The Right to Confrontation After Crawford
CRIMINAL DEFENSE FORUM
By: Mark Eiglarsh
On August 5, 1999, Michael Crawford was charged with assault and attempted murder for stabbing Kenneth Lee, a man who allegedly tried to rape Crawford's wife Sylvia. After giving Crawford and his wife Miranda warnings, detectives questioned each of them twice. At trial, Crawford claimed self-defense. Because Washington State's marital privilege enabled Crawford to keep his wife off the witness stand, prosecutors played Sylvia's taped statement for the jury. Jurors heard Sylvia describe for detectives how she led her husband to Mr. Lee's apartment and thus, assisted with the assault. This tape-recorded testimony provided jurors with compelling evidence which undermined Crawford's claim of self-defense. The trial court admitted Sylvia's statement finding that it constituted a declaration against her penal interest. Crawford was convicted. On appeal, Crawford argued that because he wasn't able to cross examine Sylvia during his trial, the Confrontation Clause of the 6th Amendment was violated.Analysis
In Crawford v. Washington, the U.S. Supreme Court reversed approximately twenty five years of precedent in finding that a "testimonial" statement by a witness not present at trial is inadmissible unless: (1) the witness is unavailable; and (2) the defendant had a prior opportunity to cross-examine the witness at the time the statement was made. 124 S.Ct. 1354 (2004) In arriving at this landmark decision, the Court overruled Ohio v. Roberts which permitted the admissibility of a testimonial statement absent cross-examination as long as the statement bore sufficient "indicia of reliability." 448 U.S. 56 (1980) A statement was previously found to be "reliable" and thus, admitted without the opportunity to cross examine, as long as: (1) the declarant was unavailable; and (2) the statements fell within a hearsay exception or demonstrated "particularized guarantees of trustworthiness." Crawford essentially retains the "unavailability" requirement. However, it rejects the "reliability" prong of Roberts in favor of a strict requirement of actual cross examination. In reversing Crawford's conviction, the Court held that Sylvia's taped statement to detectives was "testimonial" and thus, should not have been admitted unless Crawford was afforded the right to cross-examine her.

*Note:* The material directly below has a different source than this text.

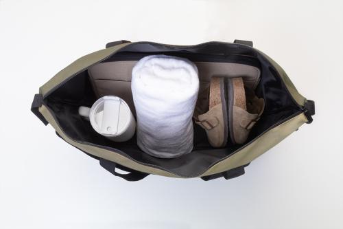 Recycled canvas travel / sports bag with zipped main compartment, front pocket, adjustable shoulder strap and zipped back pocket which doubles as trolley strap. 70% recycled cotton and 30% RPET polyester. With distinctive recycled cotton label.

The Court stated that the only way to guarantee the reliability of what prosecutors called during closing, the "damning evidence" that "completely refutes [Crawford's] claim of self-defense," was through confrontation.Crawford's Impact
Unfortunately, in deciding Crawford, the Supreme Court failed to clearly define a "testimonial" statement. This leaves Florida courts and others struggling to unravel the mystery of this landmark ruling. In State of Florida v. Hernandez, the 3rd DCA relied on Crawford in ruling that the trial court properly prevented prosecutors from presenting to jurors a pre-arrest taped conversation between the defendant and the non-testifying co-defendant. 875 So.2d 1271 (2004) Prosecutors unsuccessfully argued that the incriminating conversation fell within a hearsay exception. In ruling, the court held that "admission of the co-defendant's statements at trial would violate the Sixth Amendment confrontation clause because Hernandez had no opportunity to cross-examination." To date, there are very few other Florida rulings interpreting Crawford. Based on how courts around the country have been applying Crawford, attorneys in Florida may be successful in convincing courts to find inadmissible the following previously admitted statements when the declarant is unavailable to testify at trial: (1) in a domestic abuse case, a statement made by the "victim" to officers upon their arrival at the scene; (2) in a child abuse case, a video-taped statement made by a child victim to police investigators during a forensic interview; (3) in a DUI case, a nurse's affidavit regarding a blood draw; (4) grand jury testimony; and (5) 911 calls.Conclusion
Crawford has dramatically altered the landscape of confrontation clause jurisprudence. The focus of courts will now be upon determining which statements are "testimonial" in nature. As explained in Crawford, this approach appears to more accurately reflect the right to confrontation contemplated by the authors of the Sixth Amendment.